No início desta semana, vimos uma grande parte da nossa história natural e antropológica ser destruída pelas chamas. Imaginamos que não tenha sido fácil para você, assim como não foi para nós, entender o que estava acontecendo. Você não está sozinho nessa. O nosso pesar é o seu pesar, o nosso luto é o seu luto. Estamos sintonizados em uma mesma rede de luto nacional, com proporções mundiais. Afinal, um pedaço de cada um de nós foi queimado junto com o Museu Nacional do Rio de Janeiro. Você gostaria de saber por quê?
Pois bem! Este foi um daqueles acidentes desastrosos da vida que, embora não tenha nos feito perder pessoas queridas, levou consigo a história viva dos nossos ancestrais. É claro que não estamos falando de ancestrais possíveis de serem registrados em uma árvore genealógica de papel. Estamos falando de antepassados longínquos que, por terem deixado as marcas das suas existências em objetos que foram cuidadosamente armazenados em um único lugar, nos deram a possibilidade de saber de onde viemos.

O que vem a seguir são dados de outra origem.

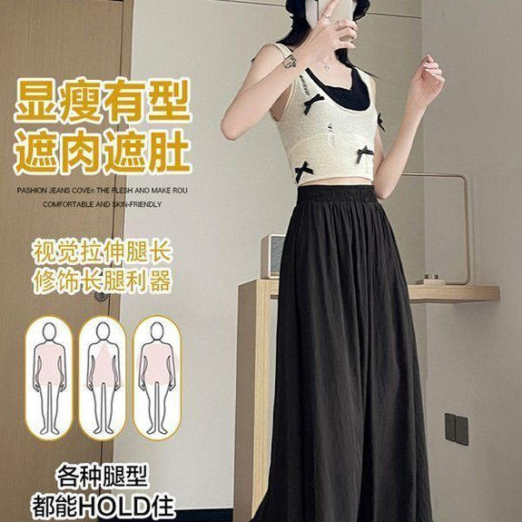 胖mm300斤山本裙裤 大码 女夏季 垂感阔腿裤 裙 单 高腰宽松裤 两件装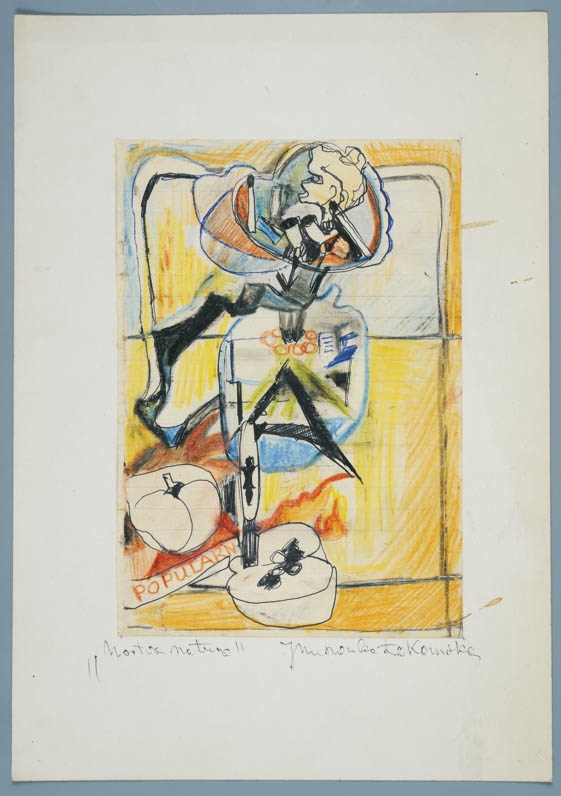 kredka, długopis, papier; 21 x 14,5 cm;sygn. pod kompozycją p. d.: JMuszanka Łakomska; l. d. tytuł.* opłata droit de suite

Isso mesmo! Estamos falando da perda de objetos que nos ajudavam a manter vivas as nossas raízes e identidade de algumas nações, inclusive a nossa, de latinos e brasileiros. Com eles por perto podíamos reconhecer, por exemplo, a herança genética de Luzia, o fóssil humano feminino mais antigo das Américas e identificar na nossa linguagem diária as origens portuguesas da nossa colonização. E agora só nos restam as memórias, os relatos compartilhados e a solidariedade para darmos continuidade a 200 anos de pesquisas que, certamente, não foram em vão.
Depois de termos vivido o desespero de assistir, de camarote, aos nossos pertences serem invadidos pelo fogo, sermos tomados pela desorientação cognitiva e mergulharmos em um profundo pesar, nos restou ansiar e procurar entre os escombros o que ainda existe.
Se por um lado estamos saboreando o gosto amargo da nossa tristeza, intercalada por uma raiva que nos incentiva a buscar pelos culpados, por outro lado, suspiramos aliviados quando sabemos que foi encontrado um documento, uma tela um pouco “chamuscada” ou fragmentos de um crânio que estavam próximos do local onde estava o crânio de Luzia.
Nasce a esperança e com ela o convívio com uma realidade que nos convida a enfrentar, elaborar e seguir adiante. Ela pede para nos despedirmos do que se foi, reconhecer o que ainda temos, fazer planos para o futuro e construir os novos rumos da nossa história. E isso nós já estamos fazendo, quando arregaçamos as mangas, colocamos a mão na massa e iniciamos a captação dos registros fotográficos de visitantes do museu para fazermos um acervo de imagens. Uma bela saída de um grupo de estudantes de museologia.
Provavelmente não poderemos mais deslizar pelos salões originais do palácio, mas poderemos honrar nossa história e construir um futuro humano, solidário e digno de orgulho para as novas gerações. Acreditamos que nossa história não morrerá, se usarmos nossas experiências, inclusive as de perda, para nos superar e construir um futuro cada vez melhor.